Finally, each respondent in the full sample was asked a series of questions to elucidate the rationale for his or her response to the video. These questions applied an approach drawn from Motivational Interviewing (Miller and Rollnick 1991; Burke, Arkowitz, and Menchola 2003;), asking respondents why they provided the responses they did to the CAHPS global rating question, rather than higher or lower responses. This technique helps elucidate individuals' motivations, and here it helps to clarify respondents' perceptions of the physician in the video and salient aspects of his behavior that influenced their rating. These questions included a set of 10 positive and 10 negative characteristics, with responses on a four-level ordinal scale, assessing the extent to which each characteristic described the physician (not at all, very little, to some extent, or to a great extent). The positive characteristics included the extent to which the doctor was knowledgeable, motivated the patient, had a good relationship with the patient, was reassuring, was trusted by the patient, was kind, was respectful, was understanding, liked the patient, and was helpful; the negative characteristics were the extent to which the doctor was rushed, was arrogant, was impatient, was pushy, ignored the patient's questions, was disrespectful, was intimidating, was disapproving, interrupted the patient, and disliked the patient. More detail on the development of these questions is shown in Appendix SA4.
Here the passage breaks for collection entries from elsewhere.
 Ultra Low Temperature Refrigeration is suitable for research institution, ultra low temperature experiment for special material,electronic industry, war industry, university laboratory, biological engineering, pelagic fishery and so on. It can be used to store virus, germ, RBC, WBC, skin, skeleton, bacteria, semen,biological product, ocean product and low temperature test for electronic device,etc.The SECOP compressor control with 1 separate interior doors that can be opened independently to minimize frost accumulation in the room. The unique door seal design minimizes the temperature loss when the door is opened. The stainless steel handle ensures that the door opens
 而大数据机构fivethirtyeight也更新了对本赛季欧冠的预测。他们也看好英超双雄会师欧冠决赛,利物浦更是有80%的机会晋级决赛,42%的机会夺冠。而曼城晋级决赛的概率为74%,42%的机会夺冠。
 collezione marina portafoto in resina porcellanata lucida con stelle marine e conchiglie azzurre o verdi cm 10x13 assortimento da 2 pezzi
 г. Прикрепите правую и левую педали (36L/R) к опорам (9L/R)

This study was reviewed by the Partners HealthCare Human Research Committee (Boston, MA).
Our analyses included both bivariate and multivariate statistical models.
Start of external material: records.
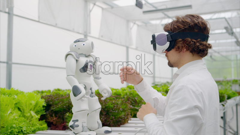 VIDEO Laboratory technician in a white coat wearing virtual reality headset interacting with humanoid robot near different types of lettuce in a greenhouse farm Royalty Free Stock Video Footage
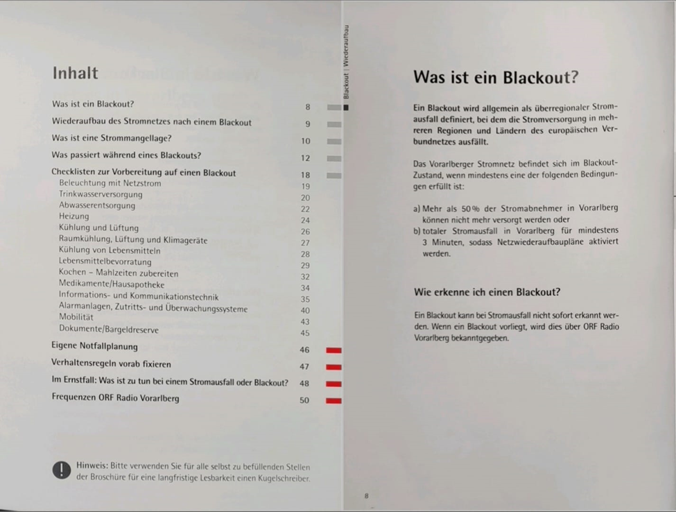 Un român stabilit în Austria i-a trimis jurnalistei Iosefina Pascal o broșură care l-a lăsat mască. Broșura a primit-o în căsuța poștală, chiar de la primăria din Vorarlberg, semnată de însuși primarul orașului. În această cărticică de noaptea minții se prezintă cu lux de amănunte ce este un blackout, cât poate dura, de la trei ore până la zile întregi, și alte astfel de detalii, inclusiv o serie de chestionare prin care se stabilește ce fel de sistem de încălzire folosești în propria locuință. În funcție de sistemul pe care îl ai, primești sfaturi pentru situațiile în care rămâi fără curent și astfel nu mai funcționează electrocasnicele. Totodată, sunt menționate canalele oficiale de comunicare, postul național de radio din Austria și posturile de televiziune naționale.
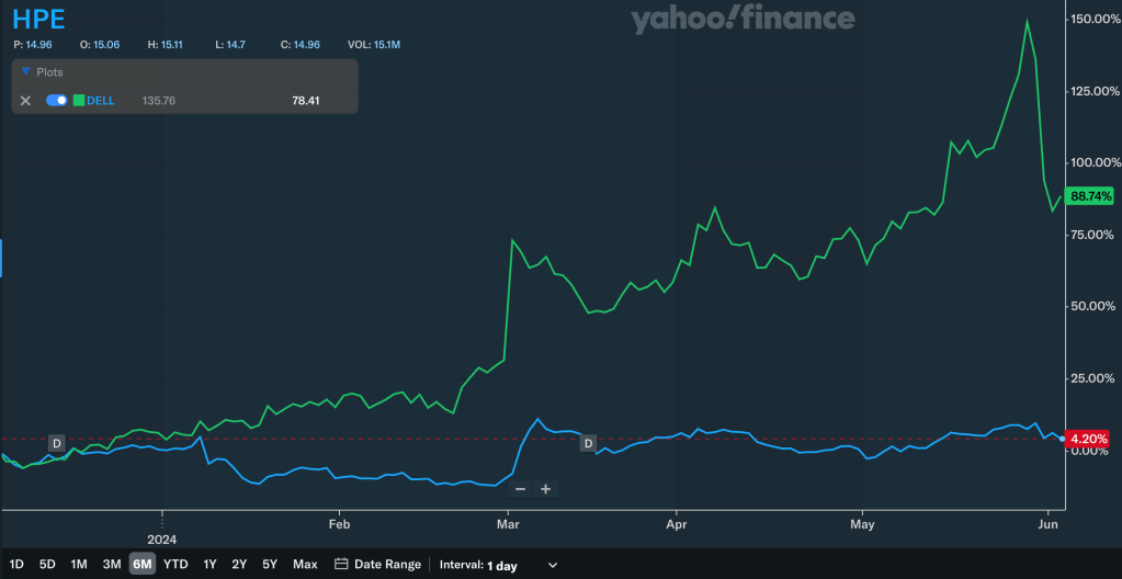 今天盘后,同样是靠向企业兜售服务器作为主要收入的惠与科技(HP Enterprise,2015年从惠普分拆上市)财报。财报显示,公司AI相关营收翻倍,云服务器业务也大幅增长18%;虽然收入同比增长不到3%,而且毛利率也从36.2%下跌至33.1%。但这并不影响盘后股价大涨超15%——和Dell暴跌20%形成了鲜明对比。
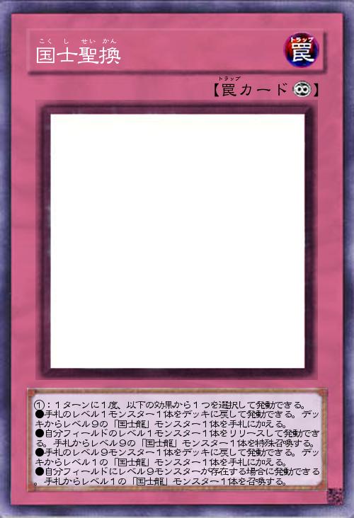 | ①:1ターンに1度、以下の効果から1つを選択して発動できる。 ●手札のレベル1モンスター1体をデッキに戻して発動できる。デッキからレベル9の「国士龍」モンスター1体を手札に加える。 ●自分フィールドのレベル1モンスター1体をリリースして発動できる。手札からレベル9の「国士龍」モンスター1体を特殊召喚する。 ●手札のレベル9モンスター1体をデッキに戻して発動できる。デッキからレベル1の「国士龍」モンスター1体を手札に加える。 ●自分フィールドにレベル9モンスターが存在する場合に発動できる。手札からレベル1の「国士龍」モンスター1体を召喚する。 | |||
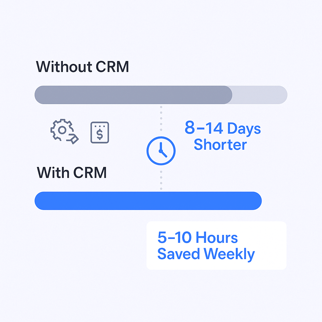 The time savings alone justify the investment. CRMs help employees save 5-10 hours per week by automating repetitive tasks, and they shorten the average sales cycle by 8-14 days. In cold outreach specifically, where every day counts, that cycle reduction can transform your quarterly numbers.
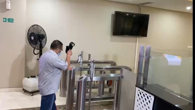 Pantauan detikcom, pukul 12.35 WIB, Senin (11/7/2022), Ibnu terlihat mengenakan kemeja warna biru muda garis-garis. Dia terlihat mengenakan topi hitam dan masker biru.
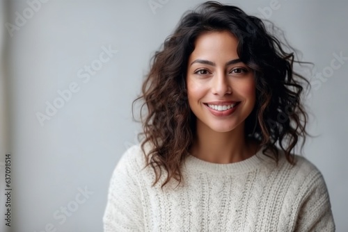 Medium shot portrait of an Indian woman in her 30s in a minimalist background
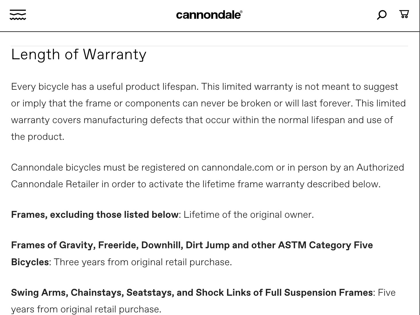 5. Cannondale: Lifetime Non-Transferable Frame Warranty, Transferable Components Warranty
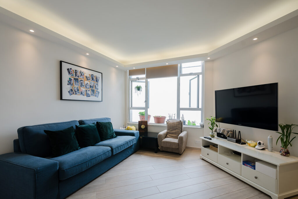 深藍色的布藝梳化成為空間的亮點,為整體設計增添了一份型格與時尚感。
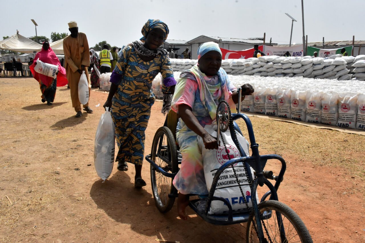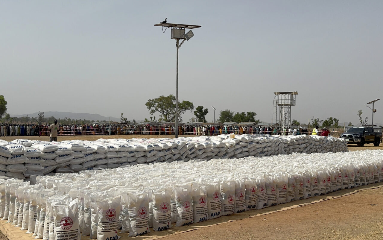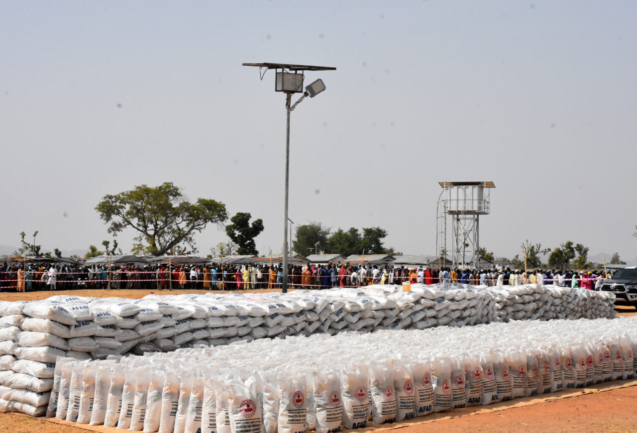 Birleşmiş Milletler (BM) ile koordinasyon içinde yürütülen yardım programı çerçevesinde gönderilen gıda malzemeleri, Nijerya'nın Adamawa eyaletinin başkenti Yola yakınlarındaki Malkohi Yerinden Edilmiş Kişiler Kampı'nda dağıtıldı.
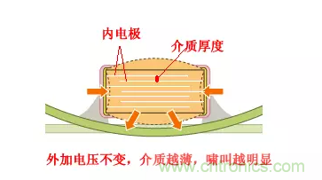 陶瓷介質是MLCC主要組成部分,電壓作用下,電致伸縮不可避免。如電致伸縮強烈表現為壓電效應,則會產生振動。
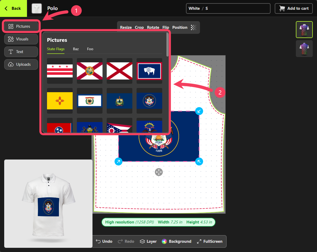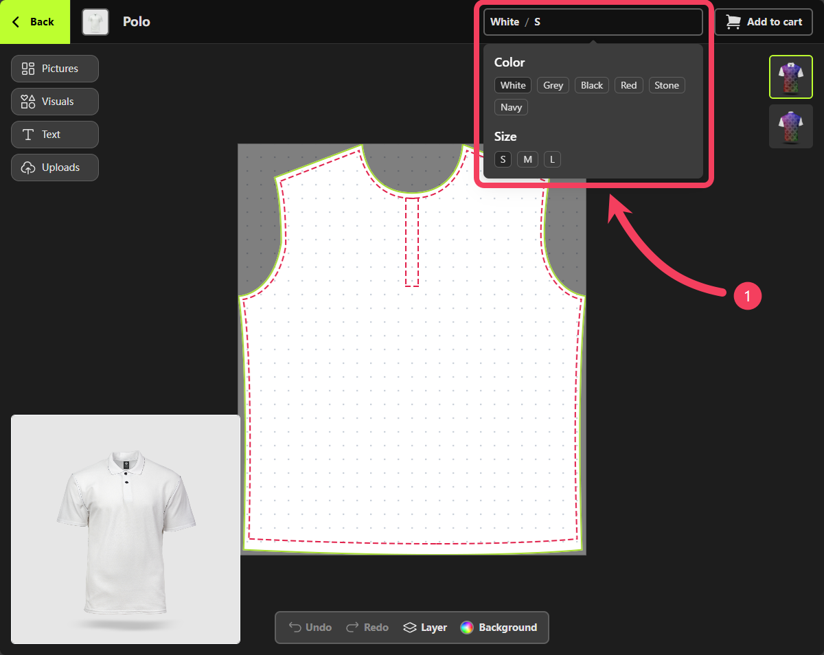 At the top right of the Personalizer, you can view and switch between all available product options, such as color, size, and more.

For each of the five measures of expectations, means were computed by race/ethnicity, and African Americans and Latinos were compared with whites via independent sample t-tests.
For each of the three modified CAHPS communication items and each of the five vignettes, mean responses were calculated by race/ethnicity. A series of three multivariate linear regressions predicted responses to each CAHPS item from indicators of physician responsiveness, case-mix adjustors (age, gender, education), indicators of African American and Latino race/ethnicity, and the interaction between physician responsiveness and race/ethnicity. Additional models parameterized physician responsiveness linearly, rather than as categories, for greater power to detect disparities. These multivariate models adjusted for the correlation of responses to multiple vignettes for each respondent using the Huber–White sandwich estimator of variance.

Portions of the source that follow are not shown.